Given information section start

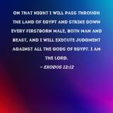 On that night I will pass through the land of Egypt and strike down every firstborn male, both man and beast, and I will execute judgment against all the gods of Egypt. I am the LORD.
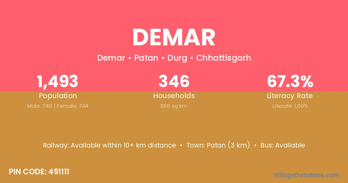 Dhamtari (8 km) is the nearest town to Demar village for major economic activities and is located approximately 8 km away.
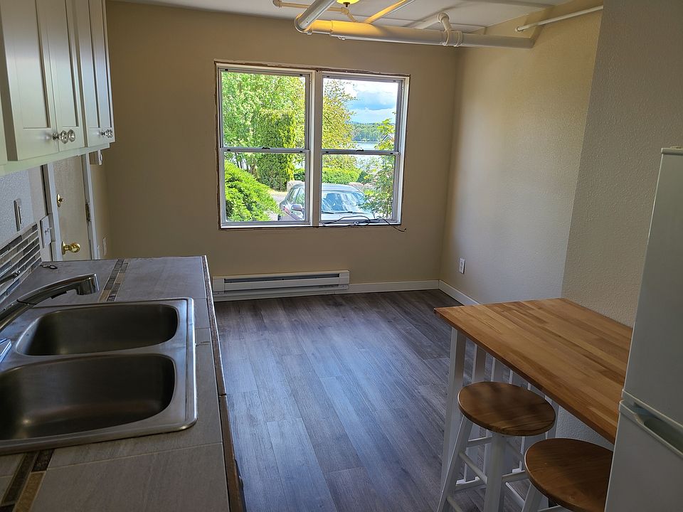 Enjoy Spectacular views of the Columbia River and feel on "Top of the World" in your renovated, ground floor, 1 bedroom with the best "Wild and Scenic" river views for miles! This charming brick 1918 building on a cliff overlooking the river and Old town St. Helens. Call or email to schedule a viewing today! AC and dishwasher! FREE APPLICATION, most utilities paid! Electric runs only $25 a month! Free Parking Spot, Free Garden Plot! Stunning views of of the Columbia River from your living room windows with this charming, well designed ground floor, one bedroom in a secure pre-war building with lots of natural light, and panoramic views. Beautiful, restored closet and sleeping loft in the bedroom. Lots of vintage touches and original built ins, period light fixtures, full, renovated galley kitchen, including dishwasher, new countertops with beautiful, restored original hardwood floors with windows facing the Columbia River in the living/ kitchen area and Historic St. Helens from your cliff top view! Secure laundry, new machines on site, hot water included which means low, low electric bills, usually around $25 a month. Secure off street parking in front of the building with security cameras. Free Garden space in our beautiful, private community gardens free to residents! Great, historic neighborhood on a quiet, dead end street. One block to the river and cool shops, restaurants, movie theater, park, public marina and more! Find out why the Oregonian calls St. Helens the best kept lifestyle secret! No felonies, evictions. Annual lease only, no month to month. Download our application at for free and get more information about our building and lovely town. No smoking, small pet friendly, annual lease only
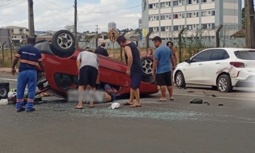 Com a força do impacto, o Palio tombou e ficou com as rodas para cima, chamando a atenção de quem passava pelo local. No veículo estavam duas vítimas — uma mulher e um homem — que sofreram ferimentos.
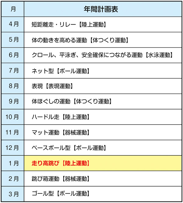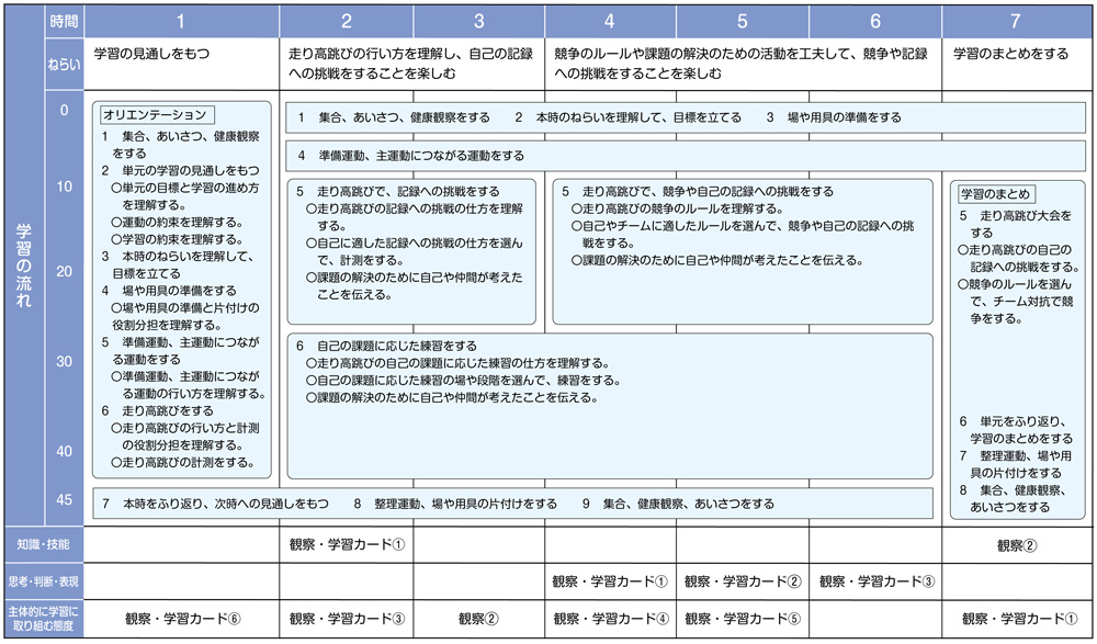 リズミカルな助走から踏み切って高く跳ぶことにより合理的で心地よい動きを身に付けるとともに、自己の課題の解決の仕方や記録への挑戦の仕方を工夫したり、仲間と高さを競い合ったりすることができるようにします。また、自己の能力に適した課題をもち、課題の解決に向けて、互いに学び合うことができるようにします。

Given information section end
Given information section start

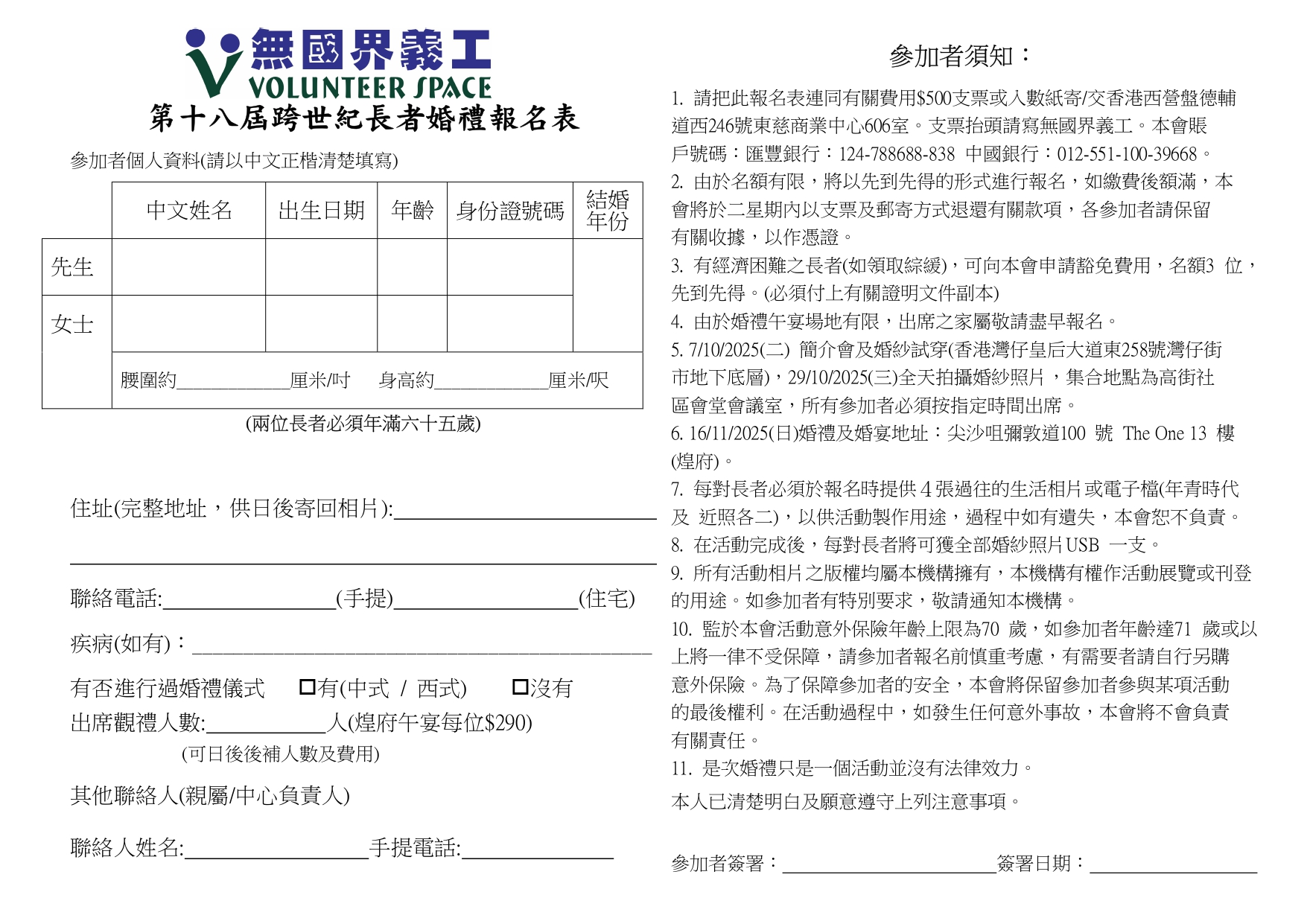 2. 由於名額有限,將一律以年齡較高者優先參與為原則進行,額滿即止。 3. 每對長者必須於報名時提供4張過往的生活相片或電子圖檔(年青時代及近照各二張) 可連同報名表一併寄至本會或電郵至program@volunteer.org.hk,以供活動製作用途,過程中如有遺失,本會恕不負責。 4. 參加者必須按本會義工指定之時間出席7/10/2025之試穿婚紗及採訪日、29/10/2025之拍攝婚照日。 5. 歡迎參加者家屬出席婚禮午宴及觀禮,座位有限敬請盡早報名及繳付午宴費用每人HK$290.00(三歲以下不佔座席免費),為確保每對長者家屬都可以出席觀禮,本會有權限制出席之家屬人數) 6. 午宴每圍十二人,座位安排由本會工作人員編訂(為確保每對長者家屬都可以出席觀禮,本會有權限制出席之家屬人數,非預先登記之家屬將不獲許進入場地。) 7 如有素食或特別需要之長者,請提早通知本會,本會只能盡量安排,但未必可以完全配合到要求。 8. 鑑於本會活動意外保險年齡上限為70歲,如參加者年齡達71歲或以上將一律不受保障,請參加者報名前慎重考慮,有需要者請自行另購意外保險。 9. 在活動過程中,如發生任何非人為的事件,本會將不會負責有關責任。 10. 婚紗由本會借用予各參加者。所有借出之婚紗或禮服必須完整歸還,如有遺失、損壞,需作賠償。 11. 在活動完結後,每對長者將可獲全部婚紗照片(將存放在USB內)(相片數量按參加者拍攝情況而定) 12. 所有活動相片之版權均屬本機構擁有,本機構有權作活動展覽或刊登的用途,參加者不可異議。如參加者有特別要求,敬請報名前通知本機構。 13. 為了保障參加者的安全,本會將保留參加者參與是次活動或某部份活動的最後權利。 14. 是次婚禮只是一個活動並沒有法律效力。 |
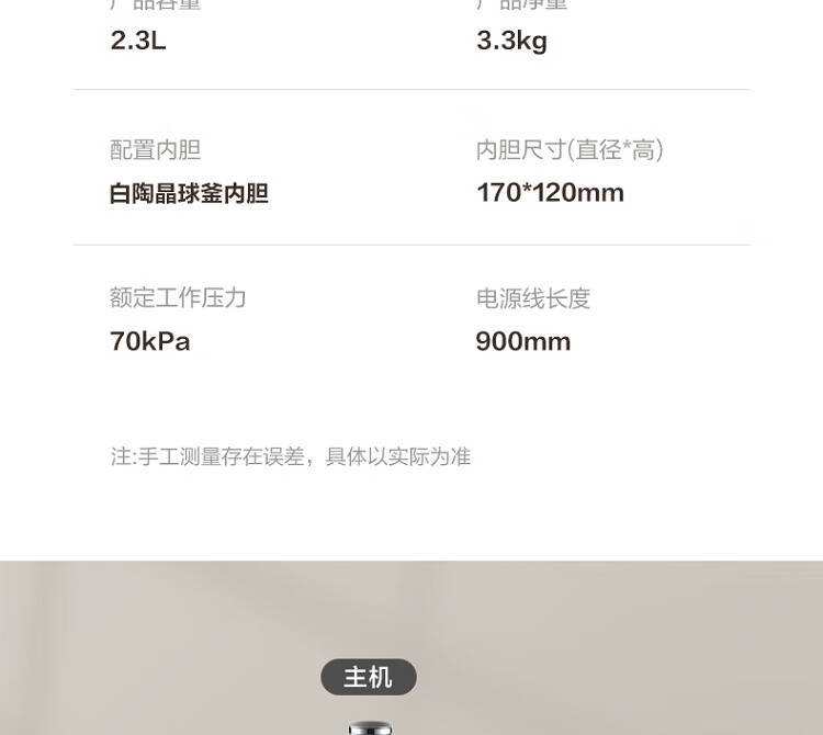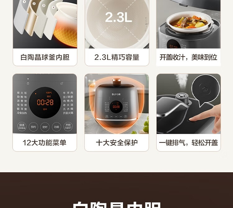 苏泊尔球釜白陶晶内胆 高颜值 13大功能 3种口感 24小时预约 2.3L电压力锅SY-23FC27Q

Given information section end

= Work item =
Start with the line with "On that night" in the listing above and stop after the line with "Dhamtari (8 km)". Write out exactly the lines in that stretch and no others, without pictures.

= Completed exercise =
 On that night I will pass through the land of Egypt and strike down every firstborn male, both man and beast, and I will execute judgment against all the gods of Egypt. I am the LORD.
 Dhamtari (8 km) is the nearest town to Demar village for major economic activities and is located approximately 8 km away.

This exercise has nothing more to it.